The pay-off of that risk is, however, independent of the past. In some cases, the risk turned out to be a golden gamble. Just like a flood washing away houses of people...the ones who hadn't built their houses were a little less sad. Risk can give an unexpected reward, but the higher the risk, the greater the return.
But at times, the risk is otherwise. Instead of choice for the individual, it becomes a calamity enforced upon him. Say a flood, so how do all homeowners save themselves from this risk? In other words, how do institutions mitigate the high losses of the risk? The short answer is insurance. They keep collecting a premium from all members of the society and then channel them to the one who faces a dis-fortune. But, here, we need a convincing algorithm to convince people to keep pooling their money and then give it away to someone else. The answer is in statistics.

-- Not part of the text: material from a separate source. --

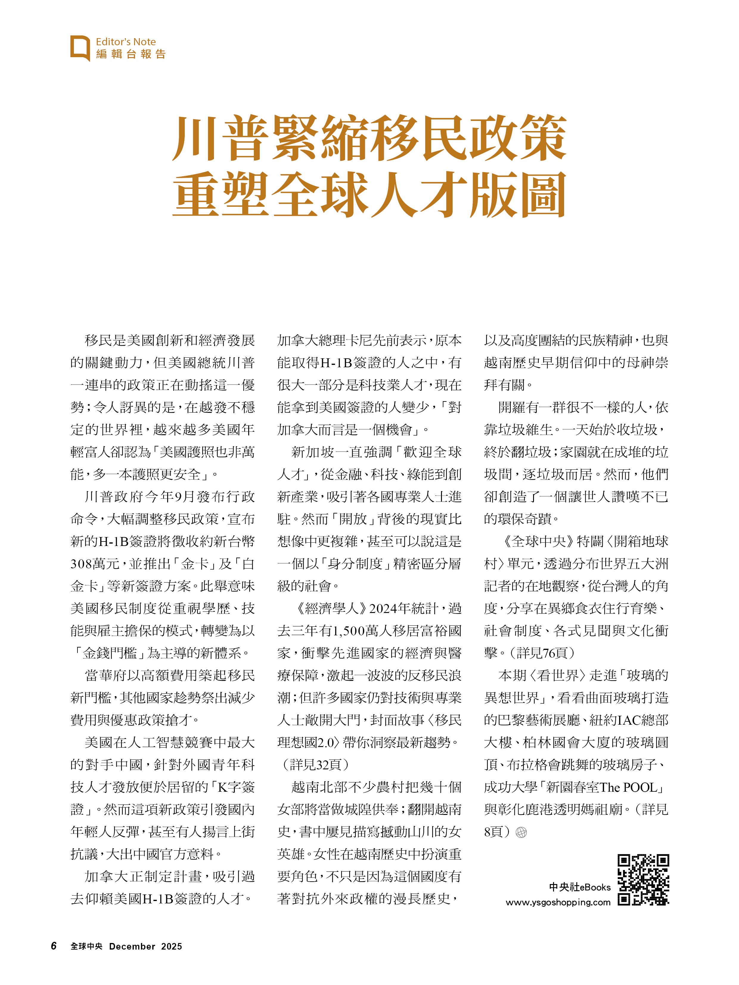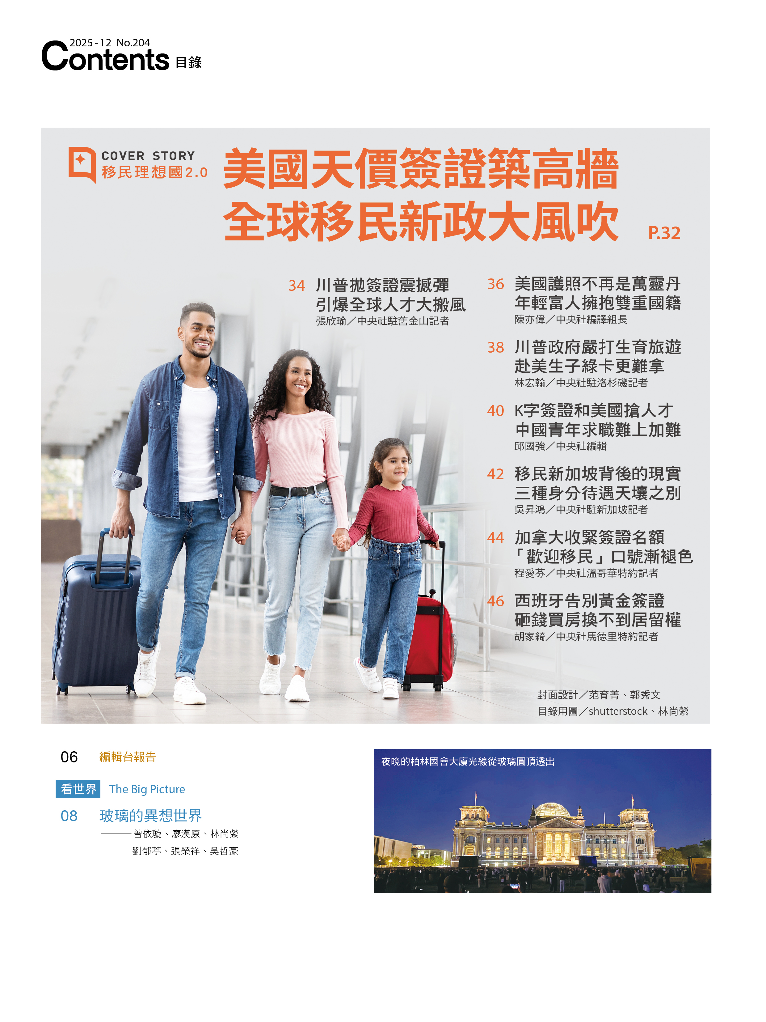 《經濟學人》2024年統計,過去三年有1,500萬人移居富裕國家,衝擊先進國家的經濟與醫療保障,激起一波波的反移民浪潮;但許多國家仍對技術與專業人士敞開大門,封面故事〈移民新風向〉帶你洞察最新趨勢。(詳見36頁)

Unlike other forms of mathematics that provide a language for existing things in nature or human logic, statistics take a step into the future. Statistics does not, but our interpretation of it does. When figuring out gravity, physicists devised equations from the first principles ( sometimes intuition ). Then solved those to arrive at concrete solutions, and then a plethora of experiments were fired at those theories validating their genuineness. However, after some time, this exercise became tedious; there were far too many things to consider, emergent behaviour made the first principle approach void, and intuition needed to be more reliable. The other way around is to come up with empirical solutions from the large number of experiments done.
This, in a way, is looking at the past, finding a pattern, and then taking a shot at the future. This is the discourse of the engineering world today. The three decisive factors here are
- The past ( the data that we have)
- the prediction ( how we analyse that data to find a pattern)

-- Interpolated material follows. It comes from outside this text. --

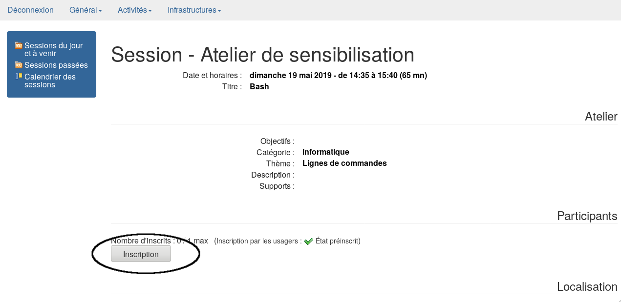Pour se faire, cliquez sur la session à laquelle vous souhaitez vous inscrire, puis sur le bouton « Inscription ».

- the future ( how does our prediction fit the real world)
So, the products of the modern era have tried to excel at these fronts, to get to know their consumer's data better, and then employ the fastest computers to predict and reduce the error.

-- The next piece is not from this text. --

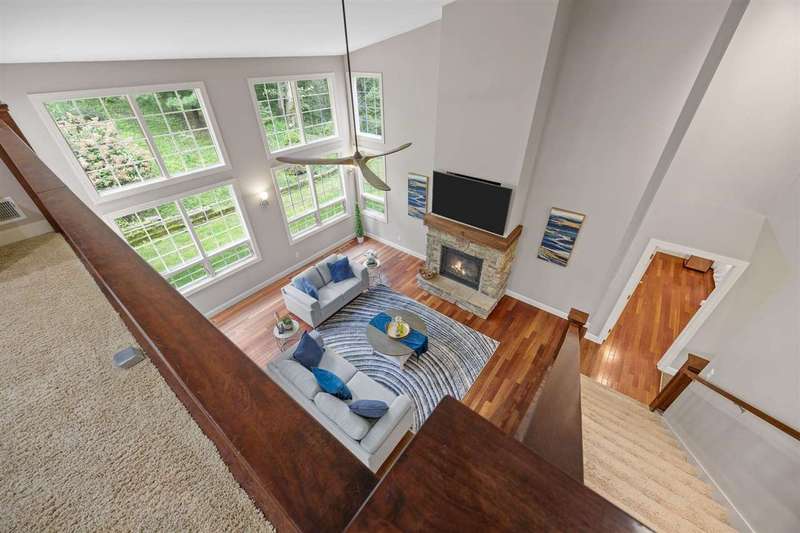 Step inside to a bright living room, where sunlight pours through the large windows and a cozy gas fireplace creates the perfect spot to relax. The bright kitchen boasts stainless steel appliances, including a 40" 5-burner range, and opens to the dining area for easy entertaining. The main-level primary suite features a large walk-in closet and private bath. Upstairs, a versatile lofted area provides space for an office, reading nook, or playroom. The lower level expands your living options with a generous family/rec room and additional flex spaces to fit your needs. Outside, enjoy a private backyard surrounded by mature trees, ideal for time in the hot tub, gatherings, play in the tree house, or quiet moments with nature. Tree house and retaining walls will remain AS-IS. 1yr homeowners warranty included.

It speaks a thing or two about changing customer behaviour and thus is essential to all engineering fields. First, people increasingly accept risk as a part of their daily life. This has been made possible by financial instruments like insurance. The newer generation is increasingly becoming a social phenomenon and is open to riskier investments.The second and more remarkable change is in the product we sell. There is a rising demand for products that meet aspirations rather than needs. For example, more people would like to flaunt a self-driving car, which has a greater probability of crashing when given at a lower price. This shows that we are selling a fixed feature and a box that captures the feature and the fuzziness around it. The lesser the fuzziness, the higher the price.
Also, the consumer today is less likely to be loyal. Since the risk of choosing a new brand is calculated in an economic sense. Thus, we have a quirky customer looking for features ( even with errors ). So what does it say about the future?
We are in for a battle for crazy ideas and realising them. We can take risks and experiment with an awareness that there is a market for that. And that we, as a customer ourselves, need to be mitigating our risk through the instruments at our disposal.